Antonin Varenne, c’était la première fois que je le lisais, et le souvenir que j’en avais m’a décidé à le relire.
Parce que…
Tomber sur un roman de cette qualité, ça n’arrive pas tous les mardis matin.
Bon.
La nature, encore le personnage principal de ce livre.
En même temps, on était chez Territori. Donc, c’était logique, même si on est maintenant à La manufacture de livres.
On ne sait pas vraiment où ils habitent, les gens de ce roman. La ville, c’est R.
Ça peut être l’initiale de quelque chose, ou de Rien.
La ville, on croit qu’elle n’a pas d’importance.
Elle est juste là.
Quand j’y suis née, R. était encore une ville.
Ça suppose que ça n’en est plus une, et dans le livre, y a des gens.
Le type que tu vas suivre pendant 280 pages, il s’appelle Rémi. Il est Flic. Pas réellement flic, en fait. Il bosse à l’ONF.
Garde-chasse.
Alors, il est un peu le flic des forêts, des braconniers, des chasseurs aussi.
Il habite à La Terre Noire. C’est beau, la Terre Noire. C’est le seul coin qu’il ait voulu garder quand sa sœur et lui, ils ont vendu les terres de leurs parents.
Alors encore, il y a construit une maison.
Pour lui, sans doute.
Mais je te dis pas. Tu verras.
Il y a d’autres gens, forcément.
Deux familles, surtout. Avec celle de Rémi, ça fait trois. Et trois, c’est la guerre.
Tu as déjà vu ça.
Des exploitants qu’en ont rien à péter des arbres, et ça, c’est pas bien.
Des éleveurs, qu’en ont rien à péter des arbres non plus.
Il y a une fille aussi. Forcément.
Les histoires d’amour, c’est souvent ce qui fout le bazar entre les familles.
Elle s’appelle Michèle. Elle est belle.
C’est vrai ce que t’as dit à Vanberten ?
– Quoi ?
Que je suis une fille trop belle pour ici.
– C’est vrai.
Il y a les manouches aussi. Ils parlent pas beaucoup, mais ils disent les choses.
Tu chasses le démon, Garde.
Rémi sourit.
J’ai picolé, je sais pas ce que je fais ici.
– L’alcool te fait seulement tomber là où tu regardes.

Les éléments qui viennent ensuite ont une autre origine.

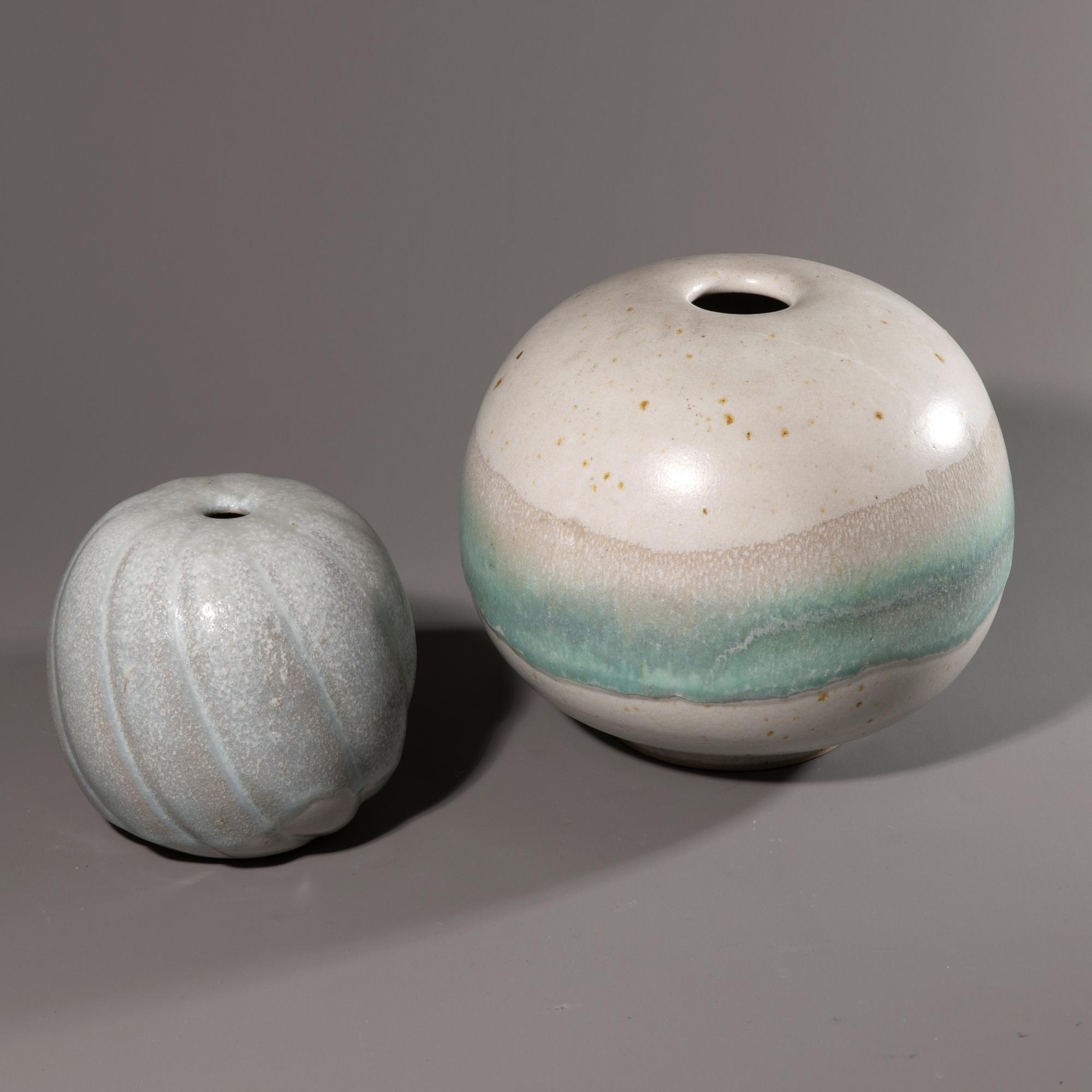 Glazed ceramic. Spherical vase body. H. 16 cm, D. 18 cm / H. 11.5 cm, D. 11.5 cm. Marked on the underside with workshop mark and signature.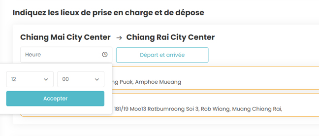 Cliquez sur Départ et Arrivée, puis Confirmer, puis une fois de retour sur le devis, vous pourrez choisir l’heure.

Tu te souviens de Retour à la nuit ; forcément, d’Éric Maneval. J’en ai parlé il y a longtemps. Les cicatrices du type, cachées par les vêtements. Là, Rémy, il en a aussi des cicatrices. Elles sont pas cachées. Il les porte sur sa gueule. Parce que sa gueule à lui, elle est cassée. Il a eu un genre d’accident.
Pas simple.
Pas simple quand t’es amoureux de la plus jolie fille de la région, et qu’elle est amoureuse de toi.
Pas simple, parce que les autres, ils ne pigent pas ce qu’elle te trouve. Ils croient que le physique est la seule chose importante dans les histoires d’amour.
Ils n’ont rien compris.
Alors ils te haïssent.
La haine, ça fabrique des coups, des colères, des meurtres aussi.
Quand tu finis un chapitre, tu crois que tu y vois plus clair. Tu imagines que tu tiens le fil de l’histoire. Tu te goures. Le fil, c’est Antonin Varenne qui le tient. Il te laisse juste des morceaux pour que tu te croies malin.
Puis, tu commences à comprendre que la ville, celle dont tu penses depuis le début qu’elle n’a pas d’importance, c’est peut-être aussi un des personnages.
Que la ville, elle a péché.
Grave.
Que la rédemption, ce n’est pas forcément dans le pardon que tu la trouves.

Varenne, il me fait penser à un de ces Compagnons du Tour de France. Ceux qui bossent toute leur vie pour maîtriser l’art qu’ils ont choisi. Il est comme ça. Parce que se balader à ce point dans le passé et le présent, c’est juste diabolique. Tu pourrais croire au début que tu vas te perdre.
Tu te goures encore.
Tu te perds pas.
Jamais.
Il aurait pu aussi tomber dans le piège des trucs à la mode. Tu sais, les trucs écolo-branchouilles.
Il en est à des kilomètres.
Parce que la nature, dans son bouquin, elle est omniprésente à travers les hommes. Sans eux, elle n’existe pas, et les hommes, ils font des conneries. Mais je te dis pas.
Comme d’hab.
Va le chercher…
C’est tout ce que j’ai à dire sur ce roman.
Nicolas.
Battues, Antonin Varenne, Points, 328 p. , 8€95.